Maybe they would buy it because they need a discrete card? Or they don't want an APU? Or they have an older system?

If they need a discrete card surely that can pay $70-80 to get a mid-range card instead of a low end card for $40 right? The midrange card typically gets you far higher performance as well (eg. Redwood v/s Cedar, Turks v/s Caicos). Same goes if they have an older system. About not wanting an APU, well with essentially all of Intel's desktop processors set to be APU's, and most of AMD's as well, it appears they would have no choice anyway.

It will be 4 chips again. They still need a ~100mm2 8-12SIMD vliw4 discrete card to buddy up with Trinity and take care of the <$100 and HTPC market.
I would consider it more of a low-mid range chip. I think we have seen the last of the 64bit cards from AMD though.

The chips as I see them;
Highend GCN 32CUs
Performance GCN 24CUs (matching GTX580)
Midrange GCN 16CUs (somewhere between 6950/6870, maybe a 5870?)
Lowend VLIW4 8-12SIMDs (around a 6790/6770)

A 100mm2 GPU's performance would not be that much better than a comparable APU (the die size of the GPU in Trinity looks set to be at least 100 mm2). And ive answered the part about VLIW4 card to buddy up with Trinity below. HTPC can go for an APU as well, if they want discrete they can go for the $70-80 midrange GPU like ive said above.

bobcat does power gating, and i remember reading that the new tablet SOC (Hondo) is meant to have more power gating, ie per core not just the L2.

Are you sure about that? Afaik TSMC does not offer power gating on 40nm.

I doubt they'll go with 3 different architectures.
High-end GCN
Midrange & down VLIW4, possibly less models than before but I think the time for cutting models isn't here yet, might be next gen though.

I see the high end and upper midrange as GCN (Cayman and Barts replacements essentially) and the lower midrange (Juniper/Turks replacement) as VLIW4 if they decide to go with it

I don't think you understood my point with the VLIW5 in the "family".

Basically, you both think AMD will "bother" to develop a low-end VLIW4 GPU.

I think they won't, and they'll just rebrand the existing Caicos from HD64xx to HD73xx.
Just like they rebranded Cedar from HD54xx to HD63xx.

Not in SI.
A VLIW4 GPU in discrete cards for mid-low end is pretty much confirmed right now, because of Hybrid Crossfire compatibility with Trinity.

Why is keeping VLIW4 around for hybrid crossfire with Trinity such a big deal?
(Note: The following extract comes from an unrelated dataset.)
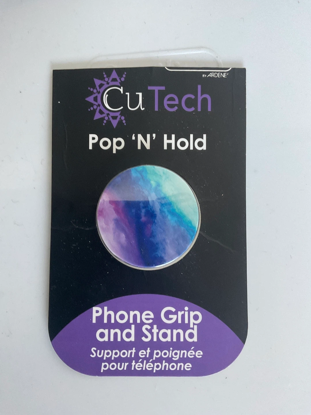 This is a CuTech Pop 'N' Hold phone grip and stand by Ardene. It provides support for your phone. It's brand new in the package. The packaging is a bit damaged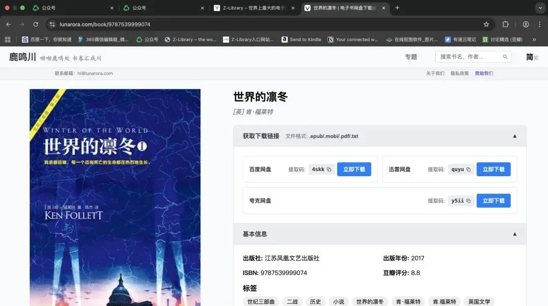 鹿鸣川(Lunarora)• 网址:lunarora.com• 无需登录、界面简洁、没有广告、一键下载,支持EPUB/MOBI/PDF/TXT等多种格式,适合强迫症选手入手。

How big is the market for gaming laptops? I'd venture to say its less than 5% of the total laptop sales. Most people buy a laptop just for general usage. Developing a graphics chip just to address that 5% of the market is just not worth it IMHO. You'd be better off offering a higher performance discrete GPU in that segment anyway.

Im not saying that they wont have a VLIW4 architecture. It may be that a VLIW4 architecture is more efficient at graphics than GCN, which is more compute oriented. Compute is not extremely important in the midrange segment and if they get a lower die size with VLIW4 that may be the deciding factor in choosing VLIW4 instead.
 
They are gating 2W, not 20W.

so that shifting the goal posts, the statement was:

I think a bigger problem might be that bulk power gate transistors for gating several watts aren't going to be easy in the first place. Only Intel does that and Intel, is well, Intel.

also under load a bobcat core can consumer way more then 2W more like around 5 watts per core.

dumb question: what does peak power usage have to do with power gating? its not like it disapates the enwegy.